In the previous exercise, we learned how to use rename()
to join two data frames whose columns don’t match.
A better option, however, exists. We can add the by
argument when calling inner_join()
to specify which columns we want to join on. In the example below, the “left” table is the one that comes first (orders
), and the “right” table is the one that comes second (customers
). This syntax says that we should match the customer_id
from orders to the id
in customers
.
orders %>% inner_join(customers, by = c('customer_id' = 'id'))
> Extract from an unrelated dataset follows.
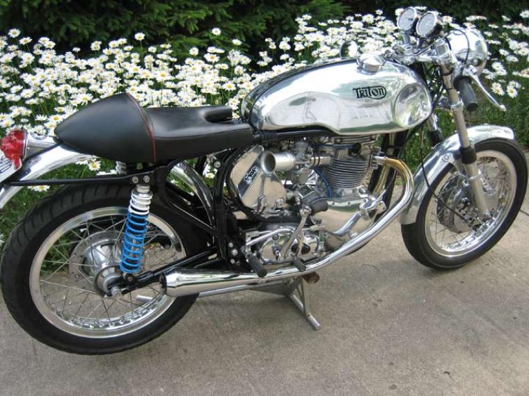 Thanks to George Rudisill of Ohio for this picture of his fine Triton.  George says "It was a four year project. Norton Slim line frame got things started, with betor front forks hooked to a 4ls Suzuki hub. Akront 18 in. wheels front and rear. The rear hub is Triumph conical. That’s about it for the roller. Power Plant is T-110 cases with a late crank, and 3134 cams on intake and exhaust. Early 650 8 bolt cylinder and t-120 head with a couple 32 mics to breath through. BTH makes the sparks. Power to the trans via Map belt drive. The trans is Triumph 4 speed box loaded with a 78 5 speed gear set. Battery box is behind the trans, out of site. Clip ons, oil and fuel tank are from UK. Only 100 miles so far without any Leaks or problems. Time will tell….!"

The resulting data frame will look like this:
id | customer_id | product_id | quantity | timestamp | customer_name | address | phone_number |
---|---|---|---|---|---|---|---|
1 | 2 | 3 | 1 | 2017-01-01 00:00:00 | Jane Doe | 456 Park Ave | 949-867-5309 |
2 | 2 | 2 | 3 | 2017-01-01 00:00:00 | Jane Doe | 456 Park Ave | 949-867-5309 |
3 | 3 | 1 | 1 | 2017-01-01 00:00:00 | Joe Schmo | 789 Broadway | 112-358-1321 |
4 | 3 | 2 | 2 | 2016-02-01 00:00:00 | Joe Schmo | 789 Broadway | 112-358-1321 |
5 | 3 | 3 | 3 | 2017-02-01 00:00:00 | Joe Schmo | 789 Broadway | 112-358-1321 |
6 | 1 | 4 | 2 | 2017-03-01 00:00:00 | John Smith | 123 Main St. | 212-123-4567 |
7 | 1 | 1 | 1 | 2017-02-02 00:00:00 | John Smith | 123 Main St. | 212-123-4567 |
8 | 1 | 4 | 1 | 2017-02-02 00:00:00 | John Smith | 123 Main St. | 212-123-4567 |
If we use this syntax, we’ll end up with two columns called id
, one from the first table and one from the second. R won’t let you have two columns with the same name, so it will change them to id_x
and id_y
.
It will look like this:
id_x | customer_id | product_id | quantity | timestamp | id_y | customer_name | address | phone_number |
---|---|---|---|---|---|---|---|---|
1 | 2 | 3 | 1 | 2017-01-01 00:00:00 | 2 | Jane Doe | 456 Park Ave | 949-867-5309 |
2 | 2 | 2 | 3 | 2017-01-01 00:00:00 | 2 | Jane Doe | 456 Park Ave | 949-867-5309 |
3 | 3 | 1 | 1 | 2017-01-01 00:00:00 | 3 | Joe Schmo | 789 Broadway | 112-358-1321 |
4 | 3 | 2 | 2 | 2016-02-01 00:00:00 | 3 | Joe Schmo | 789 Broadway | 112-358-1321 |
5 | 3 | 3 | 3 | 2017-02-01 00:00:00 | 3 | Joe Schmo | 789 Broadway | 112-358-1321 |
6 | 1 | 4 | 2 | 2017-03-01 00:00:00 | 1 | John Smith | 123 Main St. | 212-123-4567 |
7 | 1 | 1 | 1 | 2017-02-02 00:00:00 | 1 | John Smith | 123 Main St. | 212-123-4567 |
8 | 1 | 4 | 1 | 2017-02-02 00:00:00 | 1 | John Smith | 123 Main St. | 212-123-4567 |
The new column names id_x
and id_y
aren’t very helpful for us when we read the table. We can help make them more useful by using the keyword suffix
. We can provide a vector of suffixes to use instead of “_x” and “_y”.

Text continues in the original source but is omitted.